THE next day, after a long interview with Christian Lillie, and granting the further delay of a week to Anne for Christian’s sake, Mrs. Catherine returned to Edinburgh. At the week’s end, when she had rendered what service and assistance she could to Christian, Anne was to join Mrs. Catherine, and they were to proceed home.

But the invitation of Mrs. Catherine, and Anne’s entreaty that she should accompany them, was steadily and quietly negatived by Christian. The day before Anne left Schole, they sat together in the study – Anne was renewing her solicitations.

“No,” said Christian, calmly, “no, I cannot leave his grave. I cannot give up my watch of Patrick. You do not know – I pray God you never may – when folk have watched and waited for a lifelong like me, how hard it is to break the old wont, even though it be one of the sorest pain that ever oppressed mortal spirit. I am calm now – you know how calm I am – but I must tarry by his grave.”

“And will you stay here,” said Anne, “here in this desolate house?”

“At this time I must – my desire is to return to our old home, before Marion comes back to me – I forget she has been a mother long, and a grave tried woman. I only mind her as my bird Marion, my little sister; I would like to have her chamber for her, as it was before this cloud fell. You shall go with me to-morrow, and we will see what they say – the people who are in the house.”

“And where are they?” said Anne, “will you not tell me, Christian, where they are?”

Christian’s countenance changed: “They will be home in due time. Your brother Norman will reveal himself to you himself, and you will not ask me further. It is a weakness – a remembrance of my old bondage – but you will wait, Anne, my sister. – Let him carry you his own secret himself.”
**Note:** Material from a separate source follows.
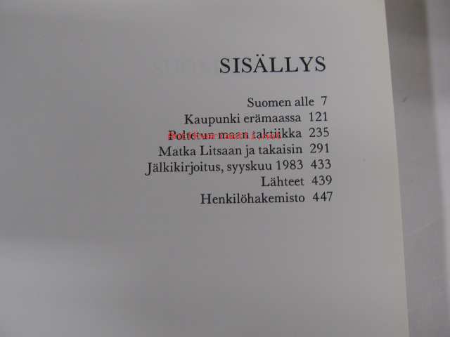 | Saatavilla | 1 kpl | | Julkaisuvuosi | 1983 | | Sivuja | 457 | | Painos | 1. | | Kunto | K3 | | Sidonta/painoasu | Sidottu (kovak.) | | ISBN | 951-1-07631-0 | | Kielet | Suomi |

Anne was silent. It was a singular hesitation this, but she could not press her question further. “And will you not come to Merkland – to see us – to see Lilie?”

“I will come when Marion comes,” said Christian. “Let me stay until then. By the time this year is ended, as I calculate, they will be home, and till that time I will rest.”

Anne rose, a stranger was at the gate: through the window she descried the good-humored round face of Mrs. Brock, her earliest acquaintance in Aberford. “Here is your tenant, Christian,” she said: “shall I see her? it may fatigue you.”

“No,” said Christian, “let her be brought in, Anne; it will save us our walk to-morrow.”

Anne went out, and met the Grieve’s wife, who was greatly astonished to see her. “Eh, preserve me! is this you, Miss Ross? and ye never came back to tak a cup o’ tea; and I’ve been looking for ye ilka fine day; and sae muckle as wee Geordie had to tell his father about the leddy yon night; and ye’ll hae been biding close a’ this time at Aberford?”

“No,” said Anne, “I have been in the North since I saw you.”

“And sae ye ken Miss Lillie? She’ll be sair put out o’ the way, it’s like, about her brother. Losh! do ye ken Miss Ross, our George says there’s something in the papers about it being Maister Lillie that killed the man, and no young Redheugh. Is there onythiug in’t, think ye? ane couldna ask Miss Lillie.”

“By no means,” said Anne, “she is in great grief for her brother, and you must not allude to it.”

“It’ll be true then? Eh! to think of a delicate looking man like thon doing the like o’ that.”

“It was an accident,” said Anne, quickly; “he was a gentleman, who would not have harmed any living thing. Do you wish to see Miss Lillie?”

“Ou, ay, it was just about the house, ye ken. George thought we micht maybe come to a settlement about the house. Ye see there’s a new yin building at the back end o’ the toun, nigher the water – a guid twa story house, and we’ve a big family, and George would like to be off or on at yince.”